Straub: Nachmittagsspiele bei Sonnenschein sind für uns nicht so schön. Denn da muss man beispielsweise aufpassen, dass die Werbebanden nicht zu sehr spiegeln. Zudem liegt eine Spielhälfte oft im Schatten und die andere im prallen Licht – enorm schwierig für die Kameras. Daher sind mir Abendspiele bei Regen am liebsten. Ja: Zum Finale wünsche ich mir Regen!

Frage: Warum?

Straub: Ich wünsche mir ordentlich Niederschläge, weil so ein Regenspiel einfach tollere Bilder liefert. Auch die unterschiedlichen Stadien haben große Auswirkungen auf unsere Arbeit. Ein Einwurf in einem reinen Fußballstadion ist in der Regel viel schneller ausgeführt. Ich habe also weniger Zeit, um mit Zeitlupen oder Nahaufnahmen zu arbeiten. Im Berliner Olympiastadion dauert es wegen der Laufbahn dagegen trotz Balljungs länger, bis der Ball wieder im Spiel ist. Ich weiß also schon im Vorfeld, dass es im Finale wohl mehr Zeitlupen und Nahaufnahmen geben wird. Bei einem WM-Spiel kann ich übrigens aus 25 verschiedenen Kameraperspektiven auswählen.

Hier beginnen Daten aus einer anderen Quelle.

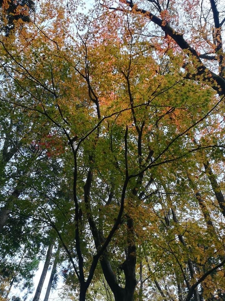 山の上のカエデは赤くなり落葉してますが、モミジはいつもより赤くなるのが遅れています。

Frage: Wann beginnen Sie und Ihr Team mit den Vorbereitungen für die Übertragung?

Straub: Rund vier Stunden vor einem Spiel treffen wir uns im Stadion. Dann geht man noch einmal alles mit den Kollegen durch, macht letzte technische Checks. Eine Stunde vor Anpfiff gehe ich auf Sendung. Das ist dann der Moment, wo du dich nur noch auf das Bild, das Spiel, die Arbeit konzentrierst. In der Phase bekomme ich den berüchtigten Tunnelblick. Inklusive der Nachbereitung sitze ich rund vier Stunden nonstop im Übertragungs-Wagen. Selbst den Toilettengang muss ich mir da verkneifen.

Frage: Neben den gewöhnlichen Zuschauern werden auch Promis im Stadion erwartet. Müssen Sie da auf etwas besonders achten?

Straub: Wir erhalten vor jedem Spiel eine Liste mit den Persönlichkeiten und VIP-Gästen, die auf der Tribüne sitzen und die von Indien bis China weltweit erkannt werden. Also die Kategorie Brad Pitt oder Diego Maradona. Bundeskanzlerin Angela Merkel wäre für das weltweite Fernsehsignal fast schon ein Grenzfall.